5. Le transformisme, comme philosophie de la nature
La philosophie du transformisme est liée à la vision de la nature. Pour la pensée déiste ou créationniste, le monde était une machine capable de fonctionner, parce qu'elle a été ainsi disposée par le créateur. Pour comprendre la machine, il faut connaître la pensée de l'artisan, aussi chaque fois que l'on découvre une adaptation au milieu, on ne pense pas que le milieu a influencé l'être vivant, mais que le Créateur a adapté d'avance l'être vivant à son milieu. C'est le contraire d'une pensée transformiste. De même, selon la pensée créationniste, la volonté divine a disposé des êtres ; ils sont différents et ressemblant parce que le créateur en a disposé ainsi. La permanence des espèces a pour cause la volonté divine. La nature est invariante et invariable depuis l'origine.
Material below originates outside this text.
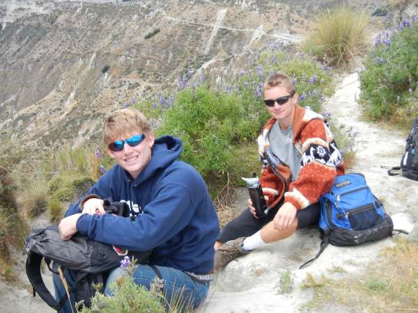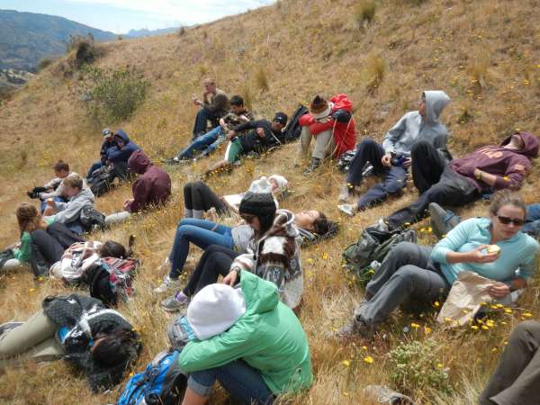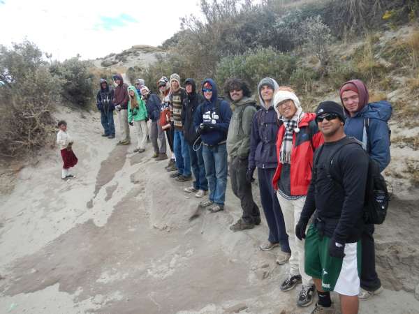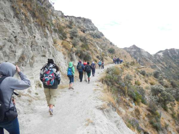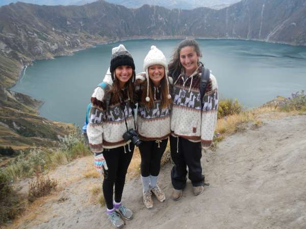 Today we took a loooonnggg hike; 10 kilometers! We began our ascent to Quilotoa Cauldera (volcanic crater)by piling in the back of an open truck, and it was quite the bumpy ride. After 45 minutes we arrived at the town of Quilotoa, and the view was spectacular. The wind was whipping, but it was worth it to see the beautiful lake surrounded by enormous mountains. After bundling up in our Alpaca sweaters and hats, we began hiking around the crater. When we all survived the wind blowing us side to side on the ridge of the crater, we began our steep descent into the valley. We were all slipping and sliding down the mountain made of loose sand. Almost all of us took one or two spills. After about 4 kilometers, we took a well-deserved lunch break and were able to enjoy our beautiful surroundings. Although we all wished to stay at our lunch spot for longer, we had more hiking to do! We began heading to the town of Guayama San Pedro and then found out how truly steep the walk into the valley would be. There was much more slipping and sliding, not even the side of the mountain could hold on. Part of our trail was blocked by a landslide, but luckily our trusty guide Nivaldo was able to help us safely to the other side. More hiking awaited us, and soon we had to begin hiking back up the other side of the valley to our town of Chugchilan. The uphill was brutal with high altitude, a beating sun, and all of us getting more exhausted by the minute. When we finally made it back to town, we were all rewarded with an immense sense of accomplishment and some free time! Some of us even took the opportunity to try the Black Sheep Inn’s zip line. After a long day of hiking, we’re all ready to hit the sack. We’re all looking forward to what’s in store for us tomorrow in the Andes.

Contre ce fixisme, une autre philosophie se développe. Elle donne à la nature une réelle initiative. La nature a une puissance d'innovation. Pour Diderot, la matière est une puissance de variation et de transmission des caractères acquis. De telles idées sont présentes chez Buffon ; elles n'ont pas donné forme à une philosophie transformiste, parce que Buffon avait une vision très pessimiste de la nature. Il voyait dans la nature une dégénérescence. Il n'y a pas de perfectionnement. La nature va vers la mort et l'extinction. Les variations sont des amoindrissements. Contre le providentialisme naïf qui admirait l'harmonie des relations entre les vivants, et contre un anthropocentrisme naïf, le pessimisme de Buffon voit en l'homme un être qui détruit la nature, en vivant à ses dépends. De même chez Diderot, l'homme est un être précaire. Il manque à ces esprits une perspective d'ensemble qui privilégie l'histoire et la valorise la durée.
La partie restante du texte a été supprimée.